(Data excerpts)

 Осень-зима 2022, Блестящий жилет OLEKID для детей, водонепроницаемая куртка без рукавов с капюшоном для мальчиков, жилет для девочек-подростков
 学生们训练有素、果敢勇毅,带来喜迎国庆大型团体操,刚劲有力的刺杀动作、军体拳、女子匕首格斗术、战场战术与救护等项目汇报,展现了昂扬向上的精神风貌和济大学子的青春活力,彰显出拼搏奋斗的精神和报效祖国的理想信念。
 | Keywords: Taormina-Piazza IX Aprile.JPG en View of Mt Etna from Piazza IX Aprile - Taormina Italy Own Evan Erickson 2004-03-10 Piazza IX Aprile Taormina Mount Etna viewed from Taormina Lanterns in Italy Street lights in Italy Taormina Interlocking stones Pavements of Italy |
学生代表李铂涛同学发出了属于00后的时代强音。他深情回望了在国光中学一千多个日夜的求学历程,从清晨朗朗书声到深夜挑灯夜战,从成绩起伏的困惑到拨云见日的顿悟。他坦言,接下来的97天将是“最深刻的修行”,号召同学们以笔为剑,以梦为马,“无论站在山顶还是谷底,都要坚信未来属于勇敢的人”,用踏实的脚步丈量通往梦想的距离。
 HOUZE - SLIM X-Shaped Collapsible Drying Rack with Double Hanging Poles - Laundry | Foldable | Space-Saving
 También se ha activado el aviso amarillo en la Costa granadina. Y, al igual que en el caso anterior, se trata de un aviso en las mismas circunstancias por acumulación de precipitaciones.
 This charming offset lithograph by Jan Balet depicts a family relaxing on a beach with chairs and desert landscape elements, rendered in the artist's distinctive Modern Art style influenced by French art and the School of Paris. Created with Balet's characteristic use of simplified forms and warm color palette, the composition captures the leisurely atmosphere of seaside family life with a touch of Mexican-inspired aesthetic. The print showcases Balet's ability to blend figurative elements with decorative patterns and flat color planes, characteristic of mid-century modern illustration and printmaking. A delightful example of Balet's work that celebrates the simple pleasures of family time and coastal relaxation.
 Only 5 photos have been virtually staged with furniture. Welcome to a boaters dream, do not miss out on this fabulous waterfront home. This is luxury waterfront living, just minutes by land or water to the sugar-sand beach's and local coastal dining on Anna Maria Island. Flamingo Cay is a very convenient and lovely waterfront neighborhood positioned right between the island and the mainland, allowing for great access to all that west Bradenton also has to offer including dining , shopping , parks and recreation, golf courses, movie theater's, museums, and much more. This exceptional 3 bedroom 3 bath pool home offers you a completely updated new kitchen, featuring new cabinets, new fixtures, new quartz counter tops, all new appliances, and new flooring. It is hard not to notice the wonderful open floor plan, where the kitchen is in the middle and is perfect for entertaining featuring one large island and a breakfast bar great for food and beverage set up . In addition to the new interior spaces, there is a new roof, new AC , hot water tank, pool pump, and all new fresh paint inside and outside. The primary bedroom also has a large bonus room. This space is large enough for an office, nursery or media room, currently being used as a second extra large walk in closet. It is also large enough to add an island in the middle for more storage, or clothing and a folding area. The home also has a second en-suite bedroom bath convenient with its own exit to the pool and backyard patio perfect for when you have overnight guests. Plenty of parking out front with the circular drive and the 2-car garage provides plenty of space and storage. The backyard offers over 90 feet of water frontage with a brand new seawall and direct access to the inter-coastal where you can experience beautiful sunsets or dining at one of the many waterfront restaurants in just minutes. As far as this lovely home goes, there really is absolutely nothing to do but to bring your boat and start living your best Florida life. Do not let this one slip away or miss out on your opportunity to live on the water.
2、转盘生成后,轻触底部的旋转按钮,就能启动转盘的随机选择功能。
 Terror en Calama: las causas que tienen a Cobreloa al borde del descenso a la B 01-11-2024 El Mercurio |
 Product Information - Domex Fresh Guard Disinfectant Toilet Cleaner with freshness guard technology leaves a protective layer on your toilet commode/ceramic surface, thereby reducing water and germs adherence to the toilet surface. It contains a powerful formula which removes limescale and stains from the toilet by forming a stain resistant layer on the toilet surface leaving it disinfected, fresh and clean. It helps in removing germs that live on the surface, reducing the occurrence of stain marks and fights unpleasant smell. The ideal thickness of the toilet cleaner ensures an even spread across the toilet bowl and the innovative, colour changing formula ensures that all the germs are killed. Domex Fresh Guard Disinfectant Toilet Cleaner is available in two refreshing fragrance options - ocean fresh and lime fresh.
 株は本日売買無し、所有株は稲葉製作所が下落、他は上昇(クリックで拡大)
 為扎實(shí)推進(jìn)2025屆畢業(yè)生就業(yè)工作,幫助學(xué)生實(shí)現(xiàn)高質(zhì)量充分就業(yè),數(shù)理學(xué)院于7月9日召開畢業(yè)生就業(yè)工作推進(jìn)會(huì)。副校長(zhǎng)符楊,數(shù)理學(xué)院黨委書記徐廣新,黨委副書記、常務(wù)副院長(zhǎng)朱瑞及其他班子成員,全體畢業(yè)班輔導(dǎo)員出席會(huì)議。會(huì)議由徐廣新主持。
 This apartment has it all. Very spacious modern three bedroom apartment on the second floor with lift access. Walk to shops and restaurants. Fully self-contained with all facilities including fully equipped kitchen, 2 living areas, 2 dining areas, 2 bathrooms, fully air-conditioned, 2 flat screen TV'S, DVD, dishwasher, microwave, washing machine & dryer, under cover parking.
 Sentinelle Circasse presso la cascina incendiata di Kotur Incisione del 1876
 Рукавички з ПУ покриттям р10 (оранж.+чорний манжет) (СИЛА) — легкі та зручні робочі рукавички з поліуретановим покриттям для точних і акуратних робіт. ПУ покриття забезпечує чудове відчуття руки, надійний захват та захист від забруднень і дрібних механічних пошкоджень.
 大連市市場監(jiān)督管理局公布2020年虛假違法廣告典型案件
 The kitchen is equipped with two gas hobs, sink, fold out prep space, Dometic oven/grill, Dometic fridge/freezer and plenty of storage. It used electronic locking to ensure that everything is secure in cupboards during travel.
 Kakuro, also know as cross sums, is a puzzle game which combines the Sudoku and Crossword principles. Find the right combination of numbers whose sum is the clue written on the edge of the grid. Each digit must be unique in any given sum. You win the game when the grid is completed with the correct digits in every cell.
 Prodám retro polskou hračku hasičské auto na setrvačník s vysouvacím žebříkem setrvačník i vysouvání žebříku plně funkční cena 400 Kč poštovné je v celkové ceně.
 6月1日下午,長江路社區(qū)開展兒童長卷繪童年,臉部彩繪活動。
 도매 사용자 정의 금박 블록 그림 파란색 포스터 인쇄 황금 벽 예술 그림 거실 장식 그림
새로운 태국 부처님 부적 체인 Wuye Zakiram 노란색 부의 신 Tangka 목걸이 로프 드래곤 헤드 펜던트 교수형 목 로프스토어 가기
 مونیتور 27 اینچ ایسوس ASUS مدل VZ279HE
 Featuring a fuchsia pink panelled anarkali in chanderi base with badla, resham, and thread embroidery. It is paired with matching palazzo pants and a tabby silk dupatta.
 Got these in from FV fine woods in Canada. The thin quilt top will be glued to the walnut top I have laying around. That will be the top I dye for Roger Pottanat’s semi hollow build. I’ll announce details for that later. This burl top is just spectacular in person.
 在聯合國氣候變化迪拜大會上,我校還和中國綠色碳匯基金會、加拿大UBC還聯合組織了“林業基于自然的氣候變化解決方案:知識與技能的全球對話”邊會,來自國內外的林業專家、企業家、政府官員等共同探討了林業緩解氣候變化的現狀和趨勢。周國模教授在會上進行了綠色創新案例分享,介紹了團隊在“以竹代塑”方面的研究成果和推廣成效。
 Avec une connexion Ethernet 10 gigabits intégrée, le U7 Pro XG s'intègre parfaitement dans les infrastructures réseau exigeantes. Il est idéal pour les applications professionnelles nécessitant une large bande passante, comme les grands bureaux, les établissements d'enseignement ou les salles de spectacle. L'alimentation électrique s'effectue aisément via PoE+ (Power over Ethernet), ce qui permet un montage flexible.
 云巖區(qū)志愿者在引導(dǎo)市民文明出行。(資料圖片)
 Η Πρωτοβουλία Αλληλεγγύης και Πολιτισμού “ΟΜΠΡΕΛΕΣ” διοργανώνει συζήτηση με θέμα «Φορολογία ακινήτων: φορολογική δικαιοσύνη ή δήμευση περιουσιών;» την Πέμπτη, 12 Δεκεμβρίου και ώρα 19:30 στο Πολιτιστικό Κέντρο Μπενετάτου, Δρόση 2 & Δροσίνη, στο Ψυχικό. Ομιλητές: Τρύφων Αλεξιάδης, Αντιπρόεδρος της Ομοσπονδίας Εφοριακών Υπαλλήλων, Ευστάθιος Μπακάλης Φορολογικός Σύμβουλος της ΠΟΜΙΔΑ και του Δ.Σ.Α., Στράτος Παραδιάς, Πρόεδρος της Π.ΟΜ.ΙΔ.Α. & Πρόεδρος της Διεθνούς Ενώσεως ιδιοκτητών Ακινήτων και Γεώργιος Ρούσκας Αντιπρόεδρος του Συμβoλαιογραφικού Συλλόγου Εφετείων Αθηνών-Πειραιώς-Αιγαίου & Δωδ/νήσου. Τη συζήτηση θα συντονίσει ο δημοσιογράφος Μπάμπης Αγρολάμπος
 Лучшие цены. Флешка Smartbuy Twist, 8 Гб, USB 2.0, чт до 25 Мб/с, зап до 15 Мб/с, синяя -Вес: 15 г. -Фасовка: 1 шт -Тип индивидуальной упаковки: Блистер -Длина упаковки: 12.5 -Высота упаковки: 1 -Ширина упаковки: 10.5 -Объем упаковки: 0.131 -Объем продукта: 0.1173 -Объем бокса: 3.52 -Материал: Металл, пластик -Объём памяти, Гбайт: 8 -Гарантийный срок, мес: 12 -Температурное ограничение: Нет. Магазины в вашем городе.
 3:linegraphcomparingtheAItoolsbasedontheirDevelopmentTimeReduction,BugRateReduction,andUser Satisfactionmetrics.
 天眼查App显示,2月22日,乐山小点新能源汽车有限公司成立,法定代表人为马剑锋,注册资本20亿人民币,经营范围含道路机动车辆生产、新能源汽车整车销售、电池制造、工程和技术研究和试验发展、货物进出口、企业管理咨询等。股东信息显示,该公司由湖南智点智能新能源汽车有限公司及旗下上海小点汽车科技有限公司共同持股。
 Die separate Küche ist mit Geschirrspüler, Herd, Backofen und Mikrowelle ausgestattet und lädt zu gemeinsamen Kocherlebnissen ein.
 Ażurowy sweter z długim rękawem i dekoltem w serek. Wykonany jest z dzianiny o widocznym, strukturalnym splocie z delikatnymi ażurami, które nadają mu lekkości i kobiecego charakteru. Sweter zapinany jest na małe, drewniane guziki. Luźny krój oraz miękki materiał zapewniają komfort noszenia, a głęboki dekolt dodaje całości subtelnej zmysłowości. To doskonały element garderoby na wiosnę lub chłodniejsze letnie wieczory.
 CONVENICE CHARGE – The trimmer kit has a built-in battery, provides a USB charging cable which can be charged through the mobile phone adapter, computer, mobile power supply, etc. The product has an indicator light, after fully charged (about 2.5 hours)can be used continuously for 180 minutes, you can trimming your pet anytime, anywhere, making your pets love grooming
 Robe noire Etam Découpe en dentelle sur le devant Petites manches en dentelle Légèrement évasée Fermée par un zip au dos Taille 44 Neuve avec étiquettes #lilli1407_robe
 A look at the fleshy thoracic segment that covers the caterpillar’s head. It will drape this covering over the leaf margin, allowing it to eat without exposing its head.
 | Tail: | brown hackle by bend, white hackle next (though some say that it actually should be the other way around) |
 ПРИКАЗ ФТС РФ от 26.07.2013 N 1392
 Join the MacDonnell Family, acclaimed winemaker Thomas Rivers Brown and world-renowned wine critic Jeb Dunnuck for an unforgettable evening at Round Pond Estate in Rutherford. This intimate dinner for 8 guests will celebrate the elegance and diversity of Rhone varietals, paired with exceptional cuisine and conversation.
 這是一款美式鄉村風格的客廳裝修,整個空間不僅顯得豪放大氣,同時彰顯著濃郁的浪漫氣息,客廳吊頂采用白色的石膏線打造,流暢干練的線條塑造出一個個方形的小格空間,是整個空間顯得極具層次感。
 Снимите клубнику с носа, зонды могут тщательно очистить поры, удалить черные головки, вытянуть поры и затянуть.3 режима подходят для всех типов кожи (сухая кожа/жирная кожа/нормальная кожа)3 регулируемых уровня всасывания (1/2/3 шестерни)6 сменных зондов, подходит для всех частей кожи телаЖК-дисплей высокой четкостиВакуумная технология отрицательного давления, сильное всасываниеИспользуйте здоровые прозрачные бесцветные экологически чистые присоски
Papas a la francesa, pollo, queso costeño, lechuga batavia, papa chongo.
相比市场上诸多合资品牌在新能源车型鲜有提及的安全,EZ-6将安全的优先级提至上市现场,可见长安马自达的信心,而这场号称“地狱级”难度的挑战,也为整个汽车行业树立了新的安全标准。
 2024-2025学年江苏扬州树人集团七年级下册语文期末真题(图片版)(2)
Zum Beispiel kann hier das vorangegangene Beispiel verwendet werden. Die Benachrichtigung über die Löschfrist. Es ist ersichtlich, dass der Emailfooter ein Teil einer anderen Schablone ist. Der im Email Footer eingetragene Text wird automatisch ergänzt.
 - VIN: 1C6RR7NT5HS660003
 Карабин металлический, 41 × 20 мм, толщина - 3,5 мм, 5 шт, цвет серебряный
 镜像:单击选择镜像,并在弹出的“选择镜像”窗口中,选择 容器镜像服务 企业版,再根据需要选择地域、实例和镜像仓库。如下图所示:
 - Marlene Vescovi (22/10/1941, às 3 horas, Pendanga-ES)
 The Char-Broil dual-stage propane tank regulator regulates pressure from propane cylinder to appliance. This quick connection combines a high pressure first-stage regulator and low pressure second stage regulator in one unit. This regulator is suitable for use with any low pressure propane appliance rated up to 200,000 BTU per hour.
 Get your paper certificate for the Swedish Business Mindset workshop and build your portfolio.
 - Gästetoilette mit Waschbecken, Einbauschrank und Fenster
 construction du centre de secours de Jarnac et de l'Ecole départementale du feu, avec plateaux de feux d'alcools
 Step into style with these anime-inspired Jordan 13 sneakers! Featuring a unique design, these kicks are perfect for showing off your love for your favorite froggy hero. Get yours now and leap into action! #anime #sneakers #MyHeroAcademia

To do :: For the entries above, state how many lines contain the word "inspired". Provide the number by itself.

Answer area :: 2